What is needed: Your reply should contain the whole listing below, repeated exactly, and no images.

Given data:
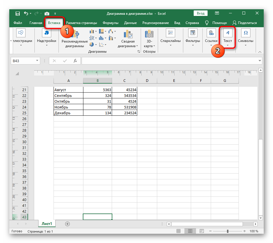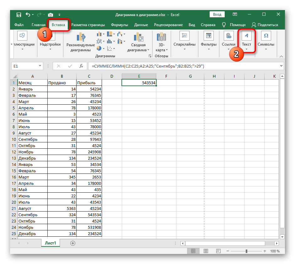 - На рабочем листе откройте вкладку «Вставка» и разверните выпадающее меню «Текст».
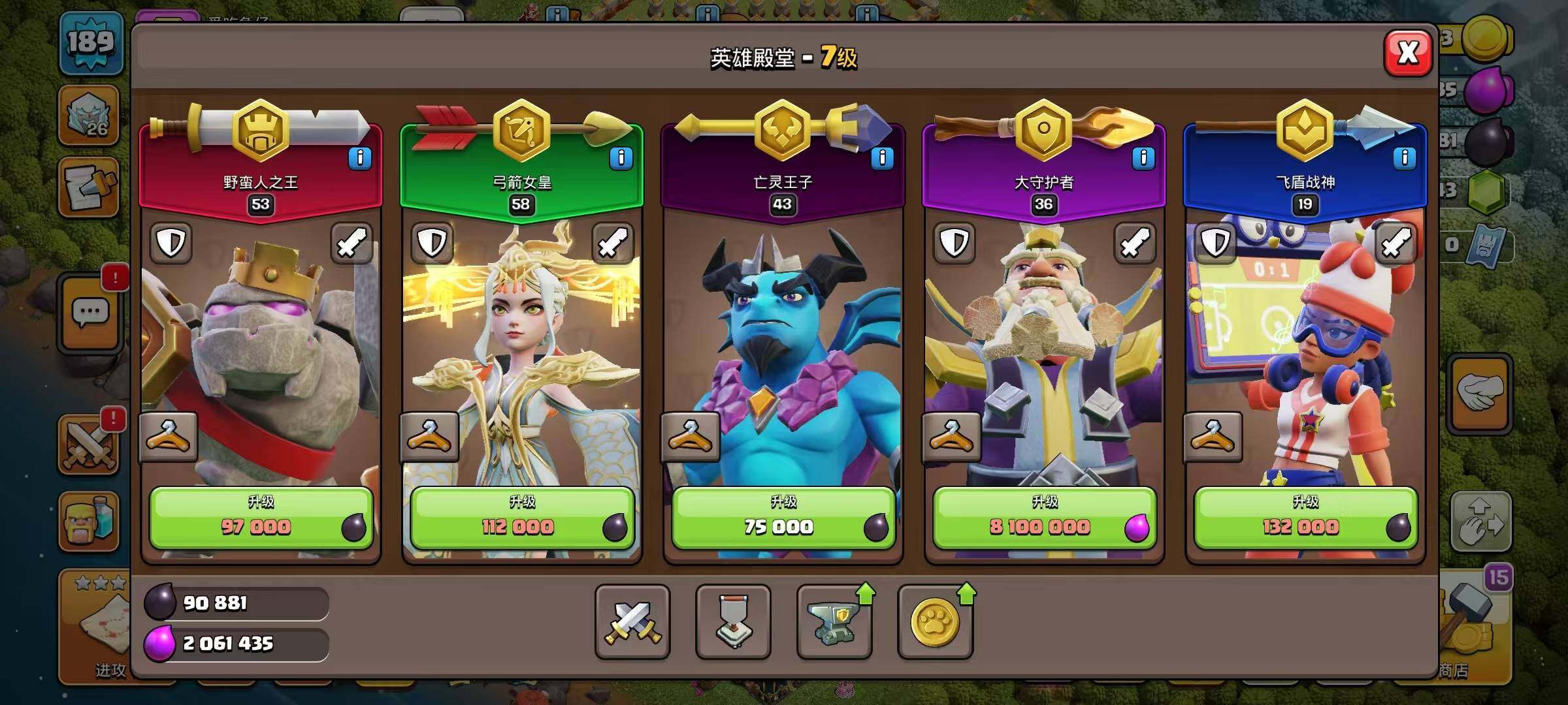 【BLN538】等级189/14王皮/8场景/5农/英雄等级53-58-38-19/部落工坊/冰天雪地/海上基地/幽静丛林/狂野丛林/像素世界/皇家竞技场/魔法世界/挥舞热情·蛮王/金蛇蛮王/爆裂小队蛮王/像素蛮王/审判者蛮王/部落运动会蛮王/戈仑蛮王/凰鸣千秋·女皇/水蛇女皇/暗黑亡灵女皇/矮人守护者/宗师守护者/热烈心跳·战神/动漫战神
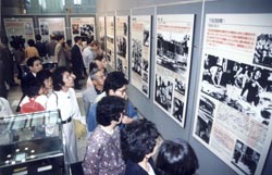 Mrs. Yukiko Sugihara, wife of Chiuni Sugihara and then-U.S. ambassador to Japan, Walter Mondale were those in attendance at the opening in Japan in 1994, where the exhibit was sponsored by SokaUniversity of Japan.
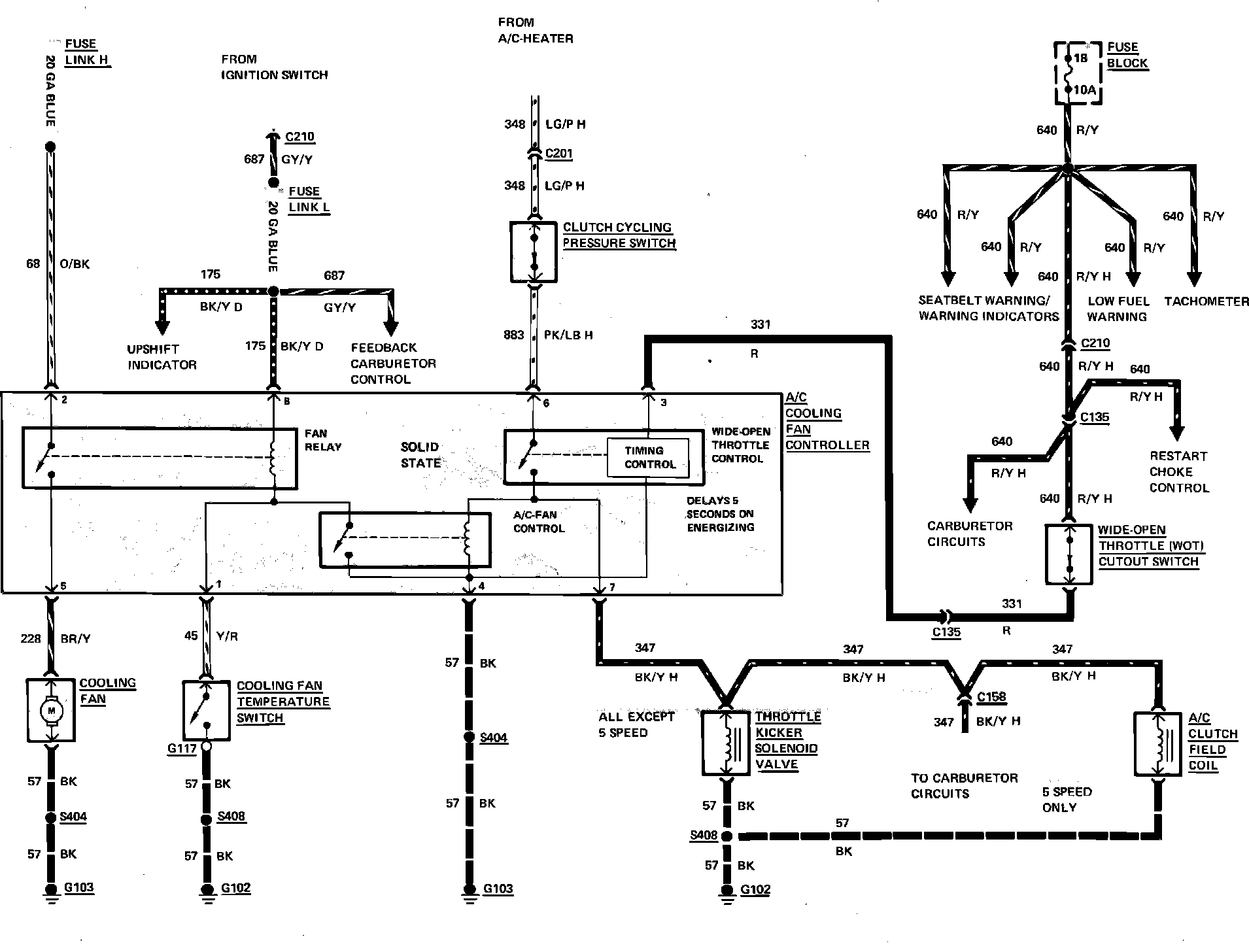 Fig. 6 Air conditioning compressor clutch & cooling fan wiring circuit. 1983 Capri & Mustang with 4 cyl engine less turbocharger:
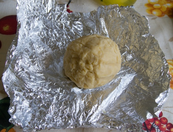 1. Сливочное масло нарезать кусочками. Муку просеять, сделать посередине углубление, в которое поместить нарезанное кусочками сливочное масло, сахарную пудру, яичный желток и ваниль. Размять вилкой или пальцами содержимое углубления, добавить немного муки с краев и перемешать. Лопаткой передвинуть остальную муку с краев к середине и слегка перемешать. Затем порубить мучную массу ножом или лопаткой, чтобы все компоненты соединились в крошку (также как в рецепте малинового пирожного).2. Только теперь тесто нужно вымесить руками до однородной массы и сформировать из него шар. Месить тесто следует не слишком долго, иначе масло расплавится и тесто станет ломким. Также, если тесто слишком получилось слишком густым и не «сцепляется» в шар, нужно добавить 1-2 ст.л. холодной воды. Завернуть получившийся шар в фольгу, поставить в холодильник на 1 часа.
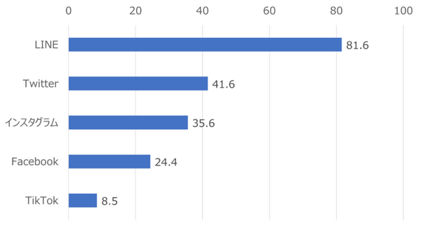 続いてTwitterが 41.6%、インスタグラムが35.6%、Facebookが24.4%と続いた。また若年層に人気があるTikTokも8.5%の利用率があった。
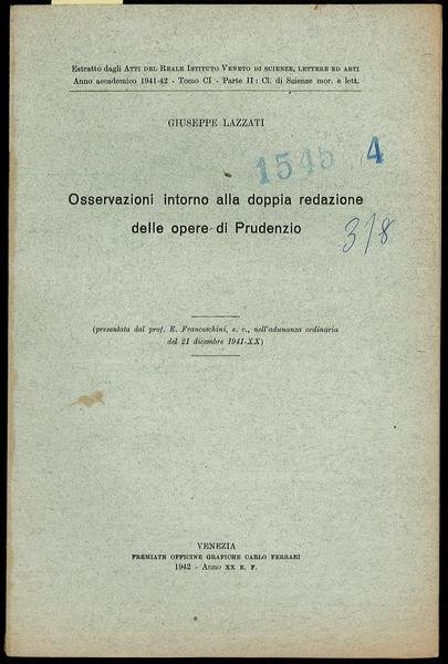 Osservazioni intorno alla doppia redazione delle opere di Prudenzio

Task solution:
 - На рабочем листе откройте вкладку «Вставка» и разверните выпадающее меню «Текст».
 【BLN538】等级189/14王皮/8场景/5农/英雄等级53-58-38-19/部落工坊/冰天雪地/海上基地/幽静丛林/狂野丛林/像素世界/皇家竞技场/魔法世界/挥舞热情·蛮王/金蛇蛮王/爆裂小队蛮王/像素蛮王/审判者蛮王/部落运动会蛮王/戈仑蛮王/凰鸣千秋·女皇/水蛇女皇/暗黑亡灵女皇/矮人守护者/宗师守护者/热烈心跳·战神/动漫战神
 Mrs. Yukiko Sugihara, wife of Chiuni Sugihara and then-U.S. ambassador to Japan, Walter Mondale were those in attendance at the opening in Japan in 1994, where the exhibit was sponsored by SokaUniversity of Japan.
 Fig. 6 Air conditioning compressor clutch & cooling fan wiring circuit. 1983 Capri & Mustang with 4 cyl engine less turbocharger:
 1. Сливочное масло нарезать кусочками. Муку просеять, сделать посередине углубление, в которое поместить нарезанное кусочками сливочное масло, сахарную пудру, яичный желток и ваниль. Размять вилкой или пальцами содержимое углубления, добавить немного муки с краев и перемешать. Лопаткой передвинуть остальную муку с краев к середине и слегка перемешать. Затем порубить мучную массу ножом или лопаткой, чтобы все компоненты соединились в крошку (также как в рецепте малинового пирожного).2. Только теперь тесто нужно вымесить руками до однородной массы и сформировать из него шар. Месить тесто следует не слишком долго, иначе масло расплавится и тесто станет ломким. Также, если тесто слишком получилось слишком густым и не «сцепляется» в шар, нужно добавить 1-2 ст.л. холодной воды. Завернуть получившийся шар в фольгу, поставить в холодильник на 1 часа.
 続いてTwitterが 41.6%、インスタグラムが35.6%、Facebookが24.4%と続いた。また若年層に人気があるTikTokも8.5%の利用率があった。
 Osservazioni intorno alla doppia redazione delle opere di Prudenzio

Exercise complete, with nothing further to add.